📂 Diseases
molybdenum cofactor deficiency — Definition
Molibden kofaktör eksikliği / molybdenum cofactor deficiency
Molybdenum cofactor deficiency is a rare genetic disease that occurs as the result of not synthesized molybdenum cophanector, which is necessary for function of molybdenum-dependent enzymes such as sulfide oxide, ksantin dehydrogenase and aldehit oxidase. This condition is characterized by untreated seizures, nutrition power and serious neurological rewinding, starting shortly after birth. The disease manifests itself with the findings of encephalopathy and dysmorphic face, which is rapidly progressing in the period of babyhood. Otozomal resesif inherited in this disorder, the diagnosis is smeared in the urine and presented to the accumulation of thiosulfate.
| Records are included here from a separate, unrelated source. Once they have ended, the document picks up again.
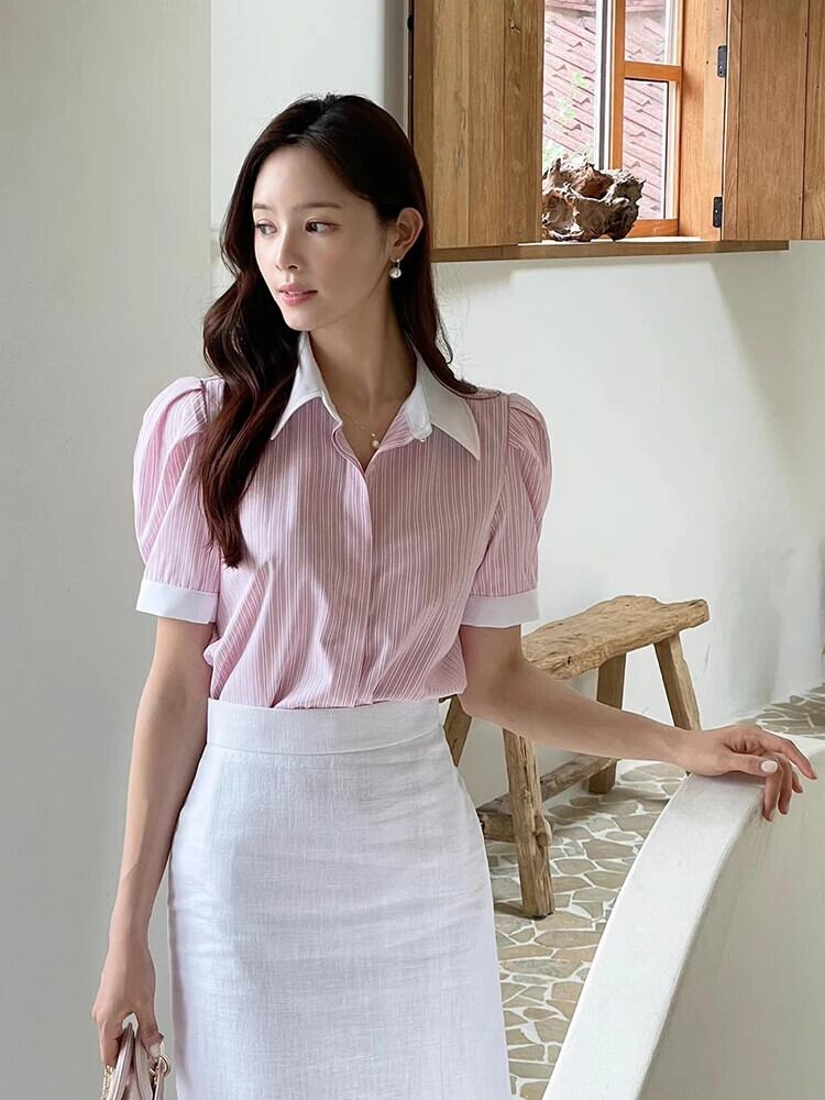 Nomikuma シック夏ニッチレトロコントラスト襟シングルブレスト多用途半袖ストライプシャツトップ ショート ハーフスリーブ サマー 夏物
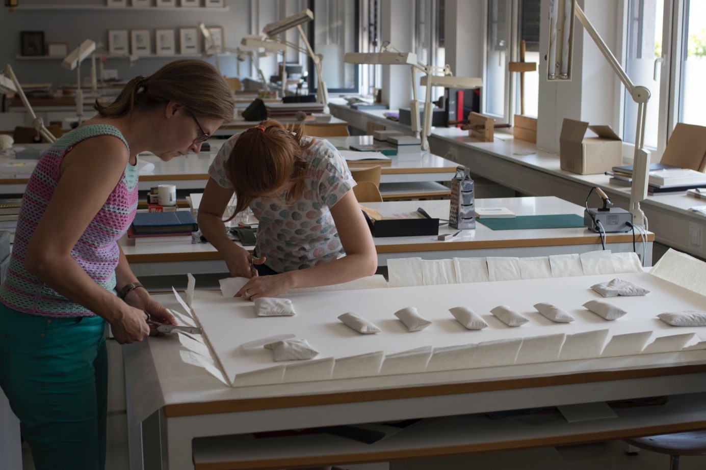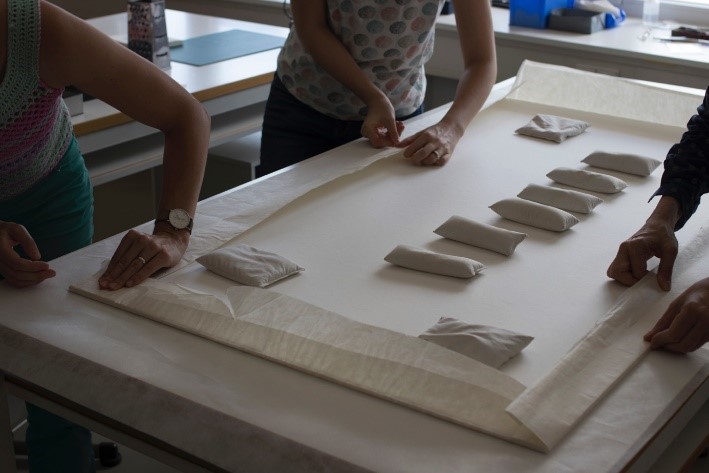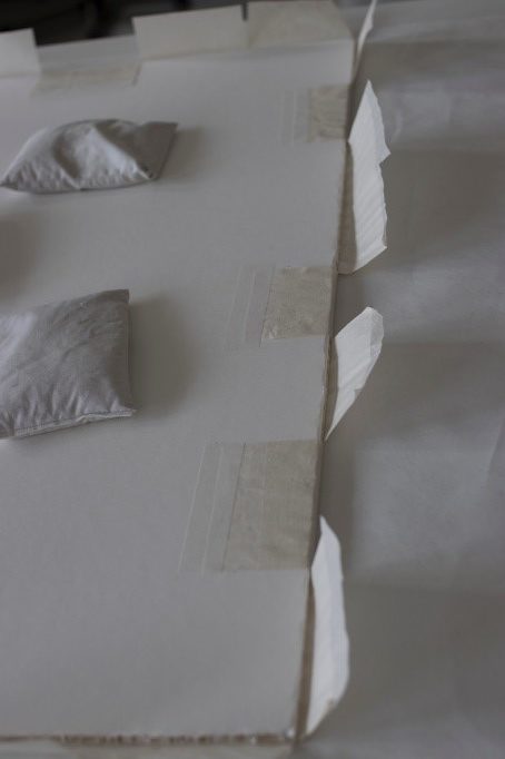 Die Fälzel wurden im Arbeitsablauf alternierend auf der Rückseite der Wabe mit Nassklebeband befestigt.
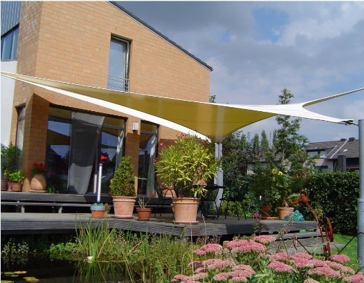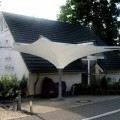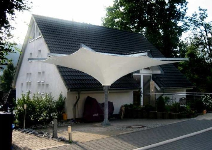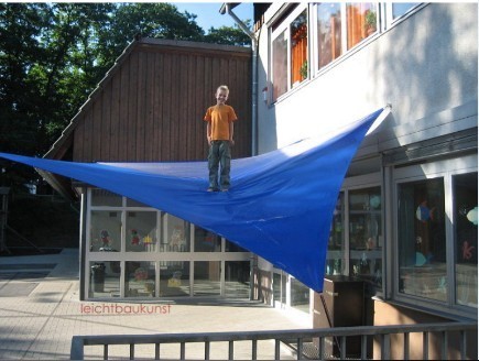 Das weiße Stretch-Segel (permanent B1 gemäß DIN 4102) weist sechs Eckpunkte auf; zwei integrierte Querbögen geben der aufgespannten Fläche die unverwechselbare, räumliche Kontur.
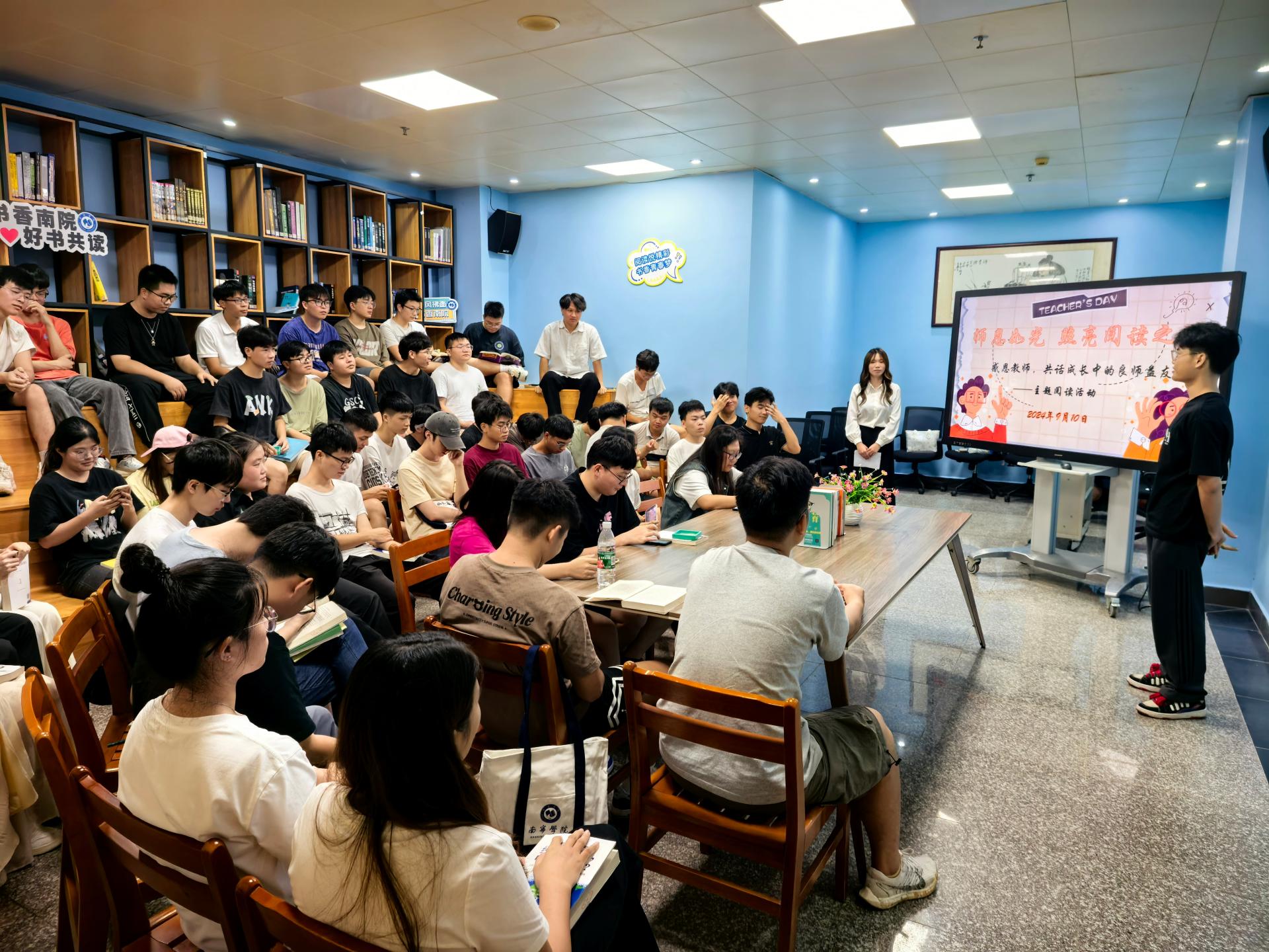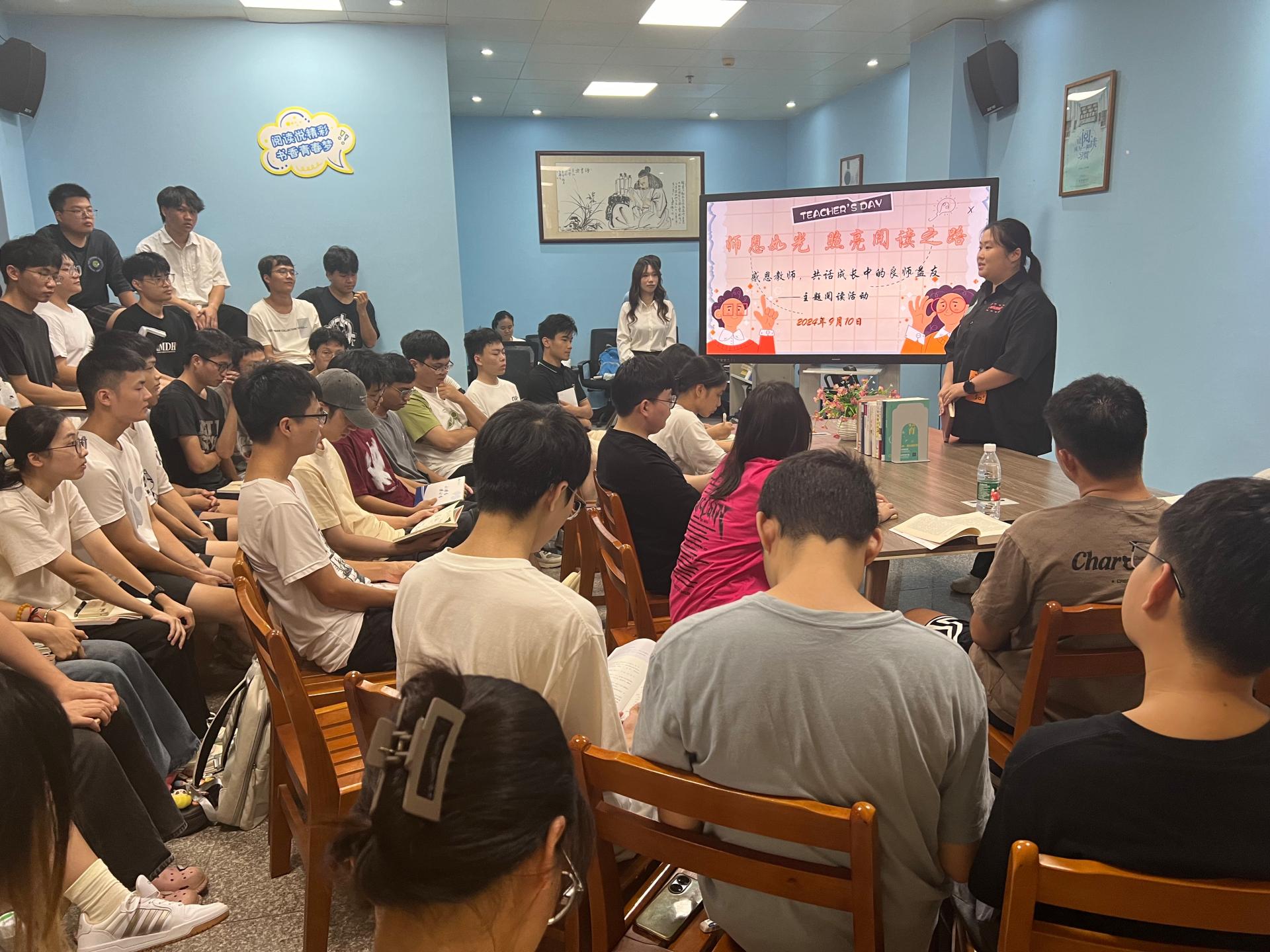 随着活动接近尾声,全体人员齐声诵读对老师的祝福:“一支粉笔,写尽古往今来;三尺讲台,见证四季春秋。在教师节,愿所有老师生活如灿烂星辰般闪耀,您的教诲之语,永润学子之心”,饱含深情的诵读回响在阅读分享空间。
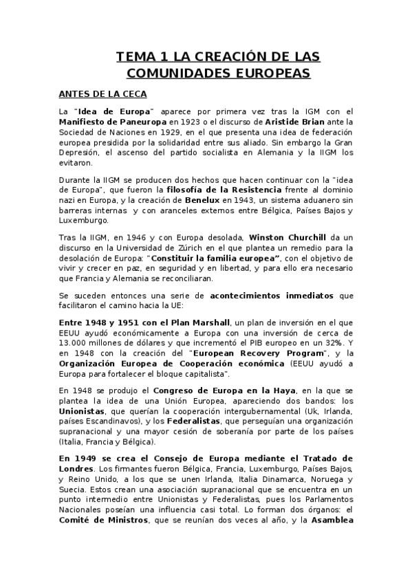 TEMA 1 y 2 - El proceso de integracion Europea y Las instituciones
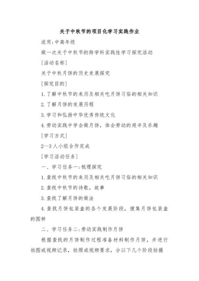 / 【七哥公文】2024年:关于中秋节的项目化学习实践作业+更多免费公文+VX:QiGeGongWen2024
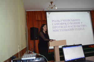 Про роль учнівського самоврядування у протидії насильству розповіла Романчишина Ірина Василівна – методист кабінету організаційно-методичної, кадрової та виховної роботи НМЦ ПТО в Одеській області.
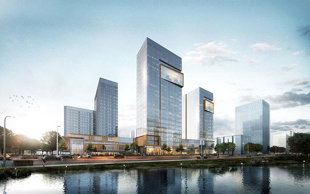 南京阳光城百家湖妄想上通过修建的错位,创立最多的观景户数;产品上通过超大面宽及边厅等多样手法,将湖景充分揽入室内;立面造型上,运用简约现代手法,公建化的玻璃面,极简的外部装饰框架,内深外浅的颜色比照等,打造气质型修建气概。妄想设计内外融合。内享地块高端商办业态外观湖光胜景。通过塔楼的围合打造围合的内部空间,同时包管互不遮挡,引入百家湖绝美景物。办公楼下的商业团结下沉广场设计,极大的富厚了地块的空间条理。
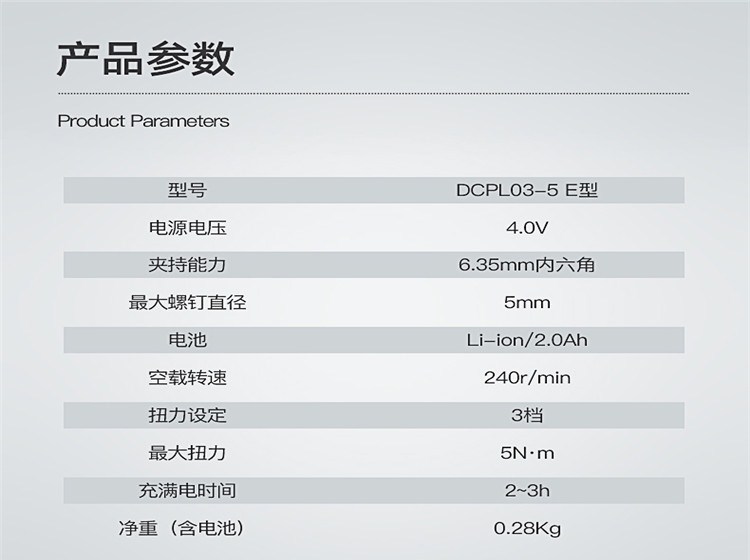 東成充電式直柄起子機產(chǎn)品參數(shù)
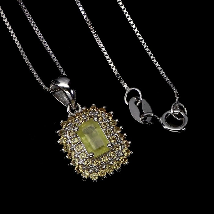 С6336Natural Apatite Cz 12.0 X 10.0 MM.Вага 2.36 гр.Срібло 925 проби покрите білим золотом.Розмір каміння - 8.0 X 6.0 MM., CZ 1.0 MM.Чистота - If To Vvs.Обробка - Unheated.Походження - Africa. ..
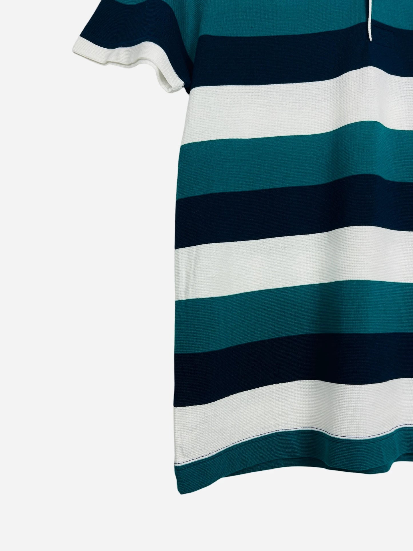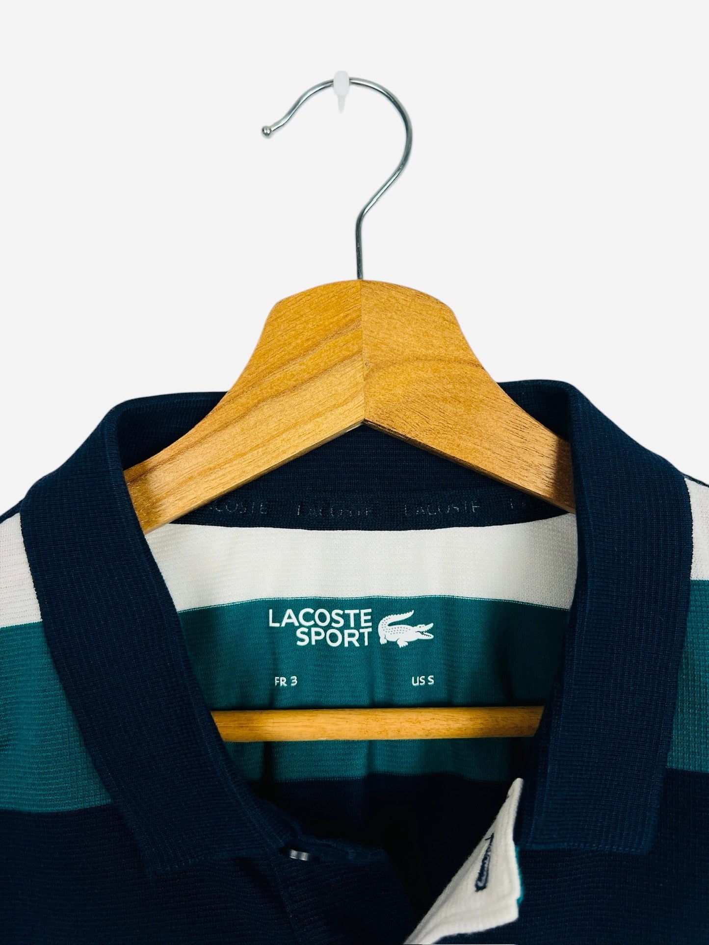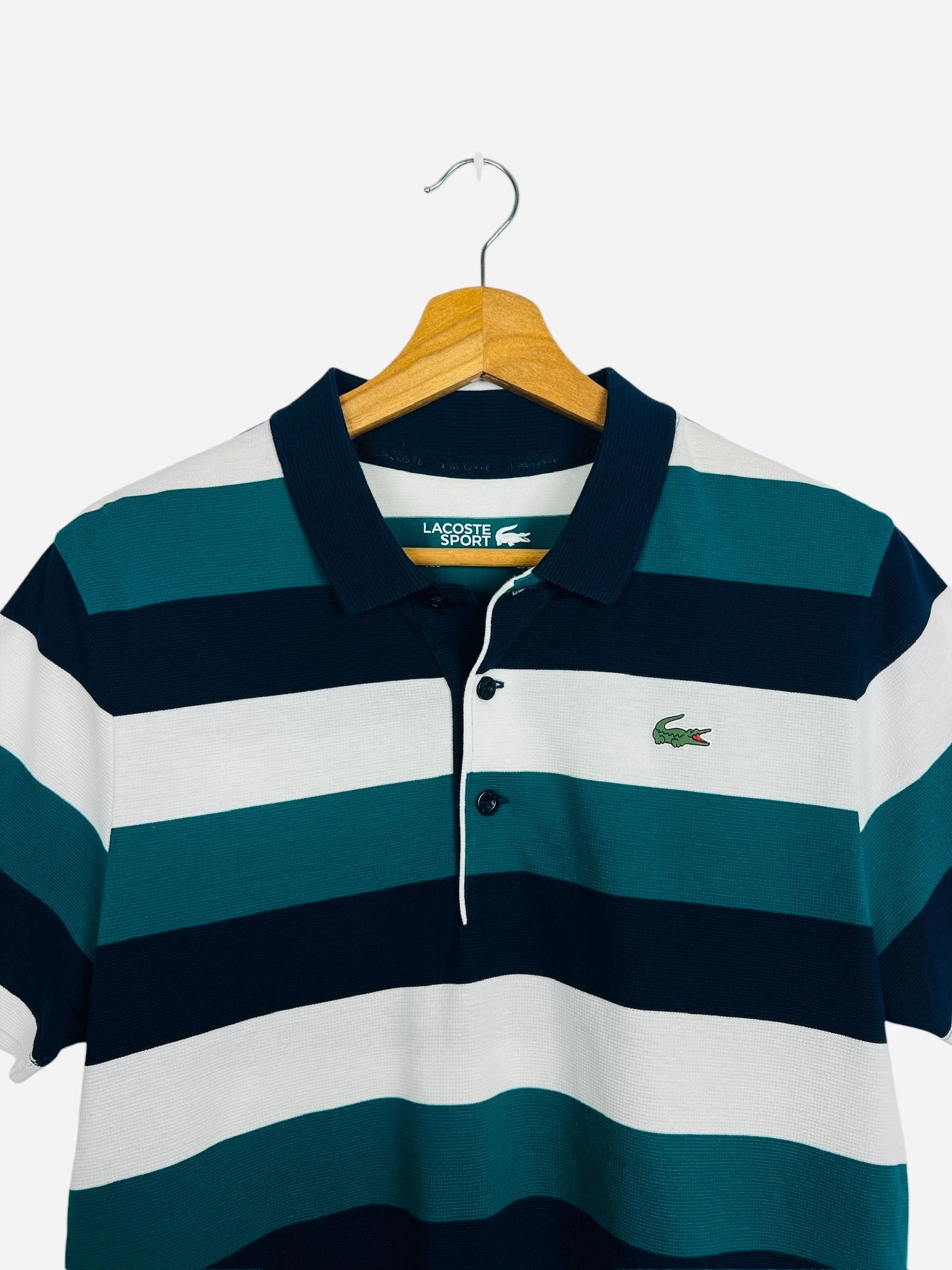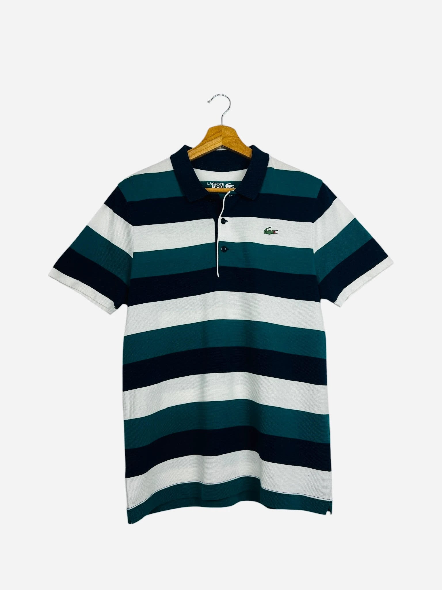 Polo Lacoste Rayé Sport Vintage Blanc & Vert Made in France - S (B102)
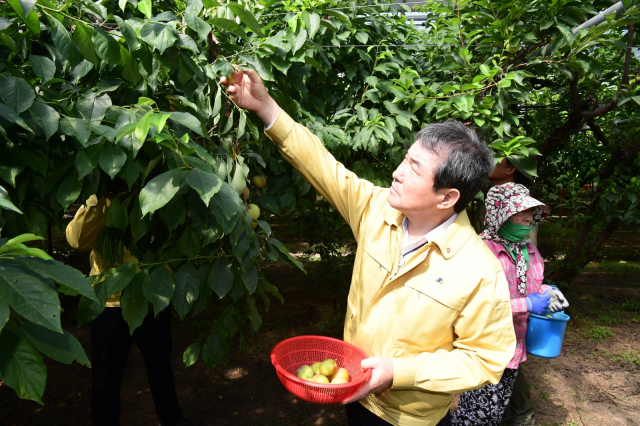 김충섭 김천시장은 지난 5월 20일 개령면 시설자두농가와 모내기 중인 벼 농가를 방문해 직접 자두 수확과 이앙기에 탑승하여 영농현장의 애로사항을 청취하고 격려했다.

Frequently Asked Questions
❓ What is Molibden kofaktör eksikliği?
Molibden kofaktör eksikliği; molybdenum cofactor deficiency is a rare genetic disease that occurs as the result of not synthesized molybdenum cophanector, which is necessary for function of molybdenum-dependent enzymes such as sulfide oxide, ksantin dehydrogenase and aldehit oxidase. This condition is characterized by untreated seizures, nutrition power and serious neurological rewinding, starting shortly after birth. The disease manifests itself with the findings of encephalopathy and dysmorphic face, which is rapidly progressing in the period of babyhood. Otozomal resesif inherited in this disorder, the diagnosis is smeared in the urine and presented to the accumulation of thiosulfate.
❓ What is molybdenum cofactor deficiency in Turkish?
The Turkish equivalent of "molybdenum cofactor deficiency" is Molibden kofaktör eksikliği.
❓ Which medical field is Molibden kofaktör eksikliği related to?
This term belongs to the Diseases category.